← Blog

Strategy

Track-and-trace agent stack: how a Dutch 3PL should choose

A method for choosing between Vercel AI SDK, self-hosted Dify, and a custom Claude Agent SDK for the 18,000 weekly statusvragen a sub-€20M Dutch 3PL gets.

Jacob Molkenboer· Founder · A Brand New Company· 16 Oct 2025· 6 min
Wooden sorting board with three brass tags on twine, one green ribbon, red wax seal on cream waybill, ivory surface.

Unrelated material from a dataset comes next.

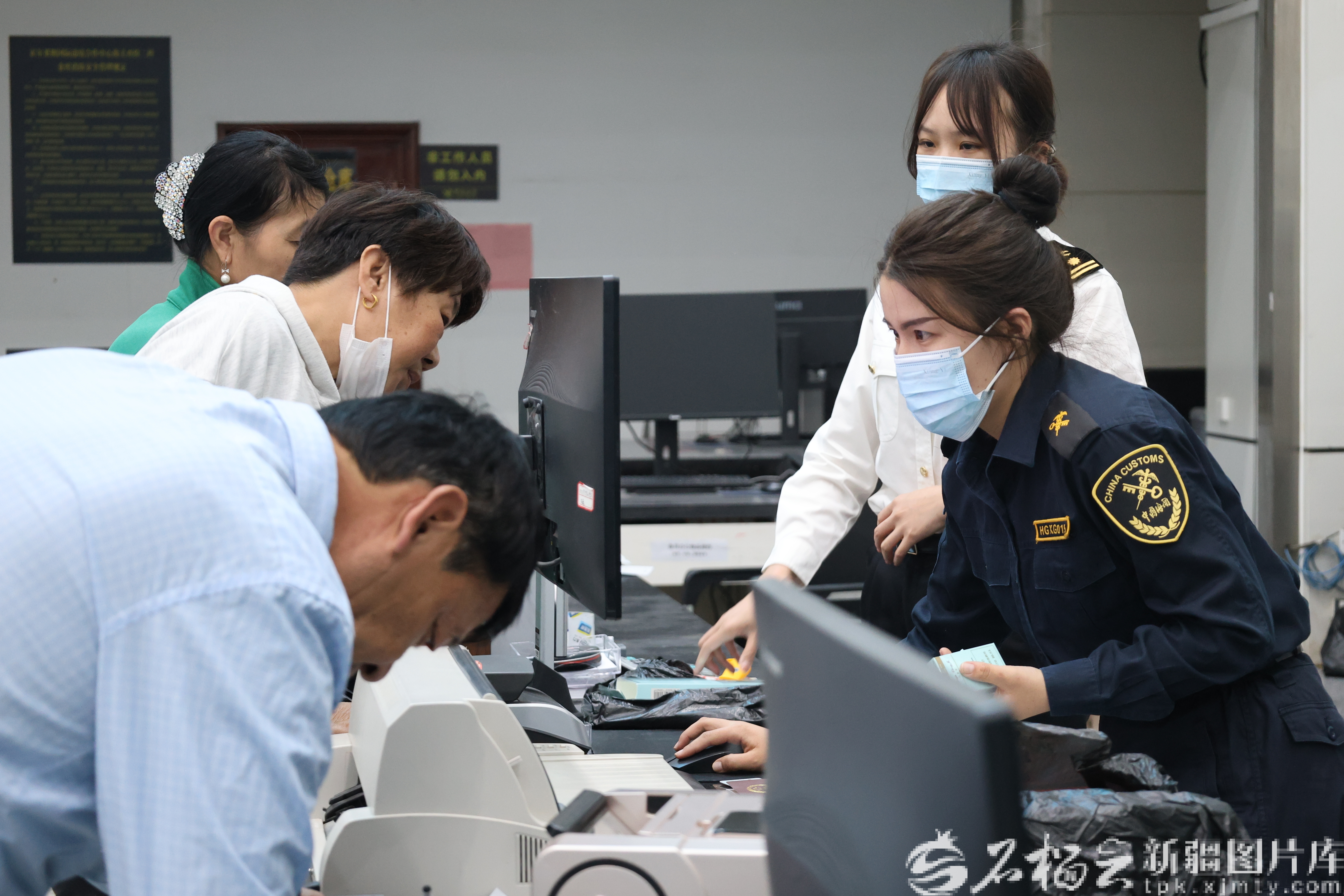 8月28日,霍尔果斯国际边境合作中心海关关员在旅检现场为旅客办理相关手续。 吴颖 摄

It is 16:47 on a Friday in Veghel. The customer service team at a sub-€20M Dutch 3PL has 312 unanswered emails, most of them three words long: waar is mijn pakket. The dispatcher has stopped picking up because every call is the same question. The operations lead has a Slack DM from the CEO that says, in full, "can we just put a bot on this." By Monday they want to know which stack to build on. Not which is best in the abstract. Which is best for them.

This is the method we use to get them an answer in a single afternoon. It scores three things only: per-zending cost at their real volume, AVG-defensible logging, and who pages whom at 03:00 when DHL Parcel rotates a SOAP endpoint.

The three stacks on the table

For a sub-€20M Dutch logistics SME running between 12,000 and 25,000 weekly statusvragen, the realistic options are three. We list them as they are usually pitched, not as they perform.

Vercel AI SDK on Postgres

One Next.js app, the Vercel AI SDK for model calls, a Postgres row per zending, a webhook from the FMS. Hosted on Vercel, deployed on every git push. The default for any team that has shipped a website in the last three years.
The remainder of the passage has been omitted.